- [INSTRUCTIONS FOR THE TASK] Among the entries below, which lines run from the line with "Em resposta à" through the line with "トッズ 2way バッグ"? Retype those, both ends included, exactly and without pictures.

- [RECORDS PROVIDED]

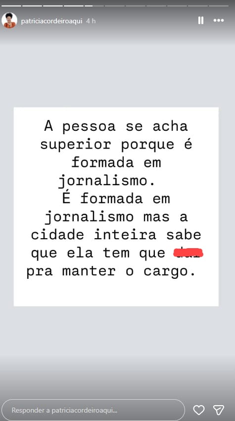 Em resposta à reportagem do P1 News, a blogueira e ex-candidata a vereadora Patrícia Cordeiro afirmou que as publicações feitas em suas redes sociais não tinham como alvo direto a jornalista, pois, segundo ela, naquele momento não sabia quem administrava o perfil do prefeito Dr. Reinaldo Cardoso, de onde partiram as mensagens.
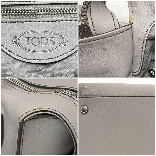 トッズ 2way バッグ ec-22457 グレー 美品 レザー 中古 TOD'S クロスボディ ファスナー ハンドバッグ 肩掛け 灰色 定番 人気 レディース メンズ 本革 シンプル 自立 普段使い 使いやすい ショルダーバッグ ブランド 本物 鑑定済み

--

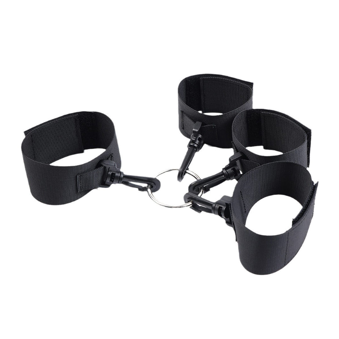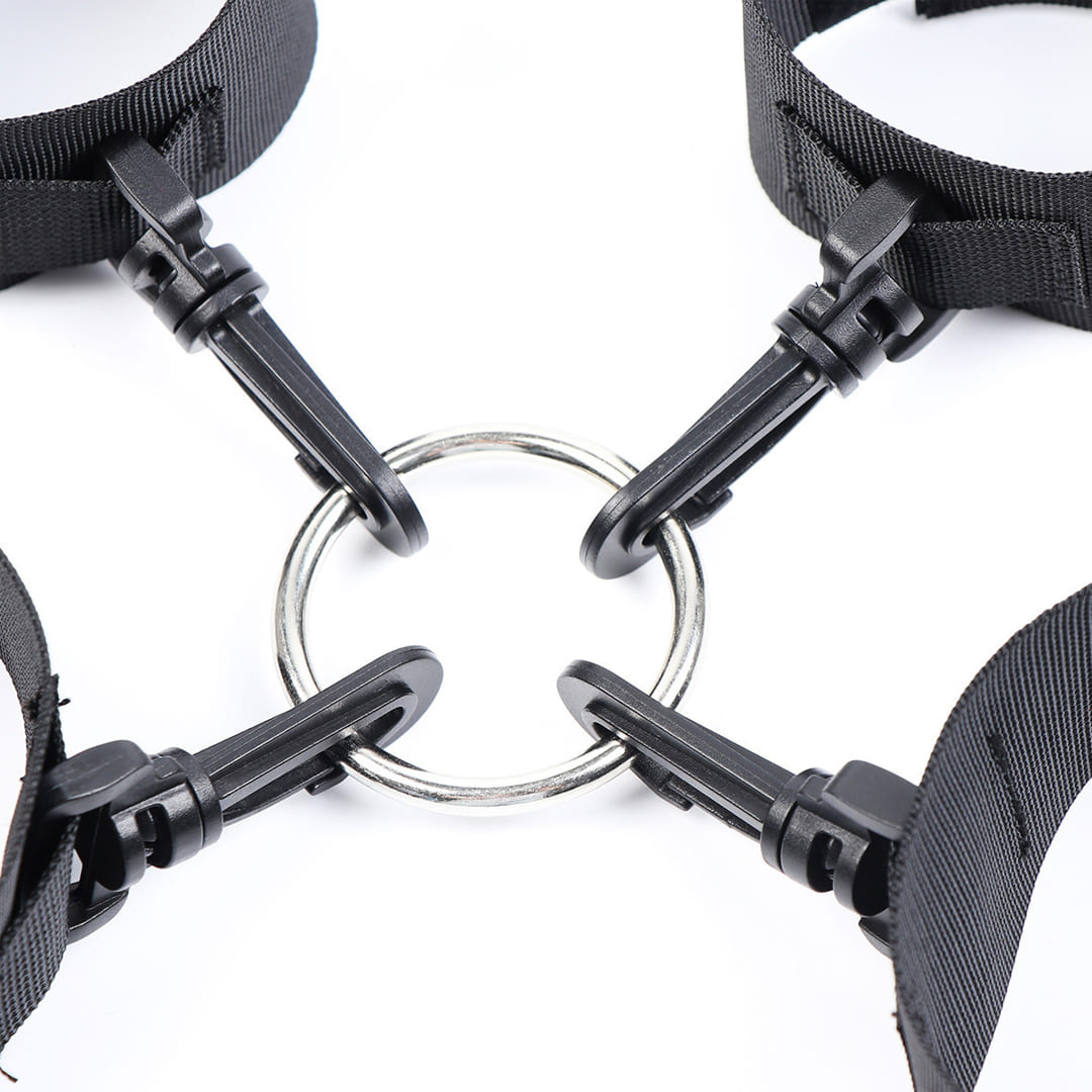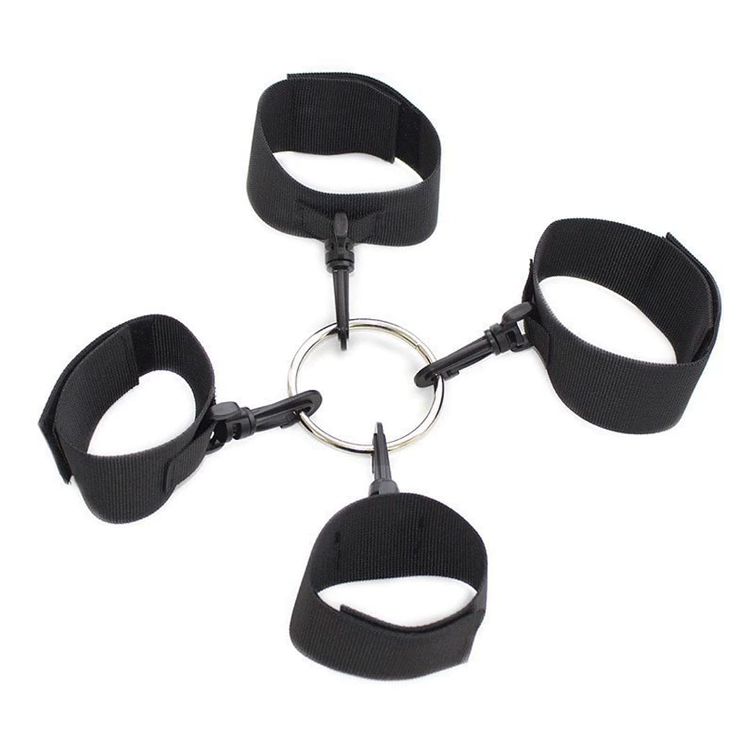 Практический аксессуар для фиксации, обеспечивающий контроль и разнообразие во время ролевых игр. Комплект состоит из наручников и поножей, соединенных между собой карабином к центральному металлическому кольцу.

- [EXERCISE SOLUTION]
 Em resposta à reportagem do P1 News, a blogueira e ex-candidata a vereadora Patrícia Cordeiro afirmou que as publicações feitas em suas redes sociais não tinham como alvo direto a jornalista, pois, segundo ela, naquele momento não sabia quem administrava o perfil do prefeito Dr. Reinaldo Cardoso, de onde partiram as mensagens.
 トッズ 2way バッグ ec-22457 グレー 美品 レザー 中古 TOD'S クロスボディ ファスナー ハンドバッグ 肩掛け 灰色 定番 人気 レディース メンズ 本革 シンプル 自立 普段使い 使いやすい ショルダーバッグ ブランド 本物 鑑定済み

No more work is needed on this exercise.